FIG. 3 is a HRMS plot of Compound 5 prepared in example 1 of the present invention.

FIG. 4 is a graph of a compound prepared in example 1 of the present invention ¹⁸ Schematic diagram of F-QZLO Allinone module label.

FIG. 5 is a photograph of a film prepared in example 1 of the present invention ¹⁸ F-QZLO Radioactive high performance liquid chromatography (Radio-HPLC) chart.

FIG. 6 is a photograph prepared in example 1 of the present invention ¹⁸ F-QZLO in vitro stability results.

FIG. 7 is a photograph of a film prepared in example 1 of the present invention ¹⁸ F-QZLO distribution in normal mice results are shown.

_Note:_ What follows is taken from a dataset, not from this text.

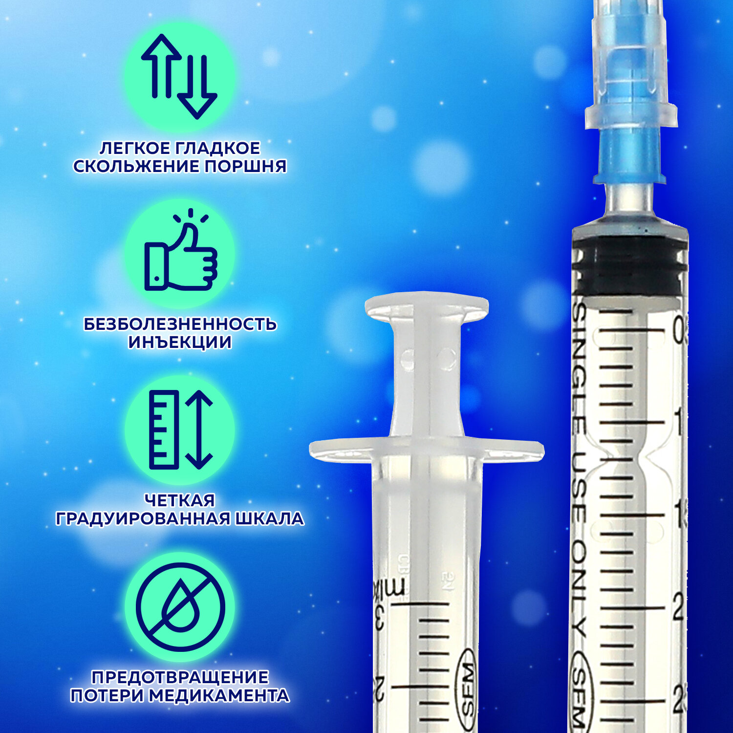 Применяют для выполнения подкожных, внутримышечных инъекций и других лечебно-диагностических мероприятий. Безболезненность инъекции обуславливается легким скольжением поршня, без трения. Удерживающее кольцо на поршне предотвращает потерю медикамента, а точная градуировка на шприце позволяет легко считывать показания. Форма и размер ободка вокруг цилиндра обеспечивают удобство и надежность захвата и удержания шприца в момент использования. Прочное двойное стопорное кольцо предотвращает случайное выдергивание поршня в момент набора лекарственного средства.
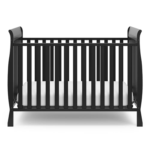 Storkcraft Maxwell Convertible Crib (Black) – GREENGUARD Gold Certified, Converts to Toddler Bed and Daybed, Fits Standard Full-Size Crib Mattress, Classic Crib with Traditional Sleigh Design

FIG. 8 is a photograph prepared in accordance with example 1 of the present invention ¹⁸ F-QZLO KRAS G12C mutation tumor-bearing mouse PET imaging result chart.

Detailed Description

To facilitate an understanding of the invention, the invention will now be described more fully with reference to the accompanying drawings. Preferred embodiments of the present invention are shown in the drawings. This invention may, however, be embodied in many different forms and should not be construed as limited to the embodiments set forth herein. Rather, these embodiments are provided so that this disclosure will be thorough and complete.

It should be noted that like reference numerals and letters refer to like items and, thus, once an item is defined in one embodiment, it need not be further defined and explained in subsequent embodiments. The specific implementation processes are described in steps in certain embodiments, are only for clear and accurate expression, and are not to be construed as limiting the sequence. In addition, in the process described in the examples, the chemicals used in the steps are all available substances or commercial products.

AMG510 (sotoraib) is a small molecule, specific, irreversible inhibitor of KRAS G12C that specifically binds irreversibly to KRAS G12C protein to inhibit its activity, interferes with the dissociation of GDP from KRAS G12C protein, and inhibits KRAS-mediated signaling by locking KRAS G12C protein in an inactive GDP-bound state. Positron Emission Computed Tomography (PET) is a clinical examination imaging technology in the field of nuclear medicine, and relates to a marker in an examination process, and after the marker is injected into a human body, the condition of life metabolic activity is reflected through the aggregation of the marker in metabolism, so that the purpose of diagnosis is achieved. At present, no report on radionuclide labeling of AMG510 is found, and the AMG510 is not used as a positron tracer for PET imaging to carry out radioactive diagnosis on KRAS G12C mutation positive tumors.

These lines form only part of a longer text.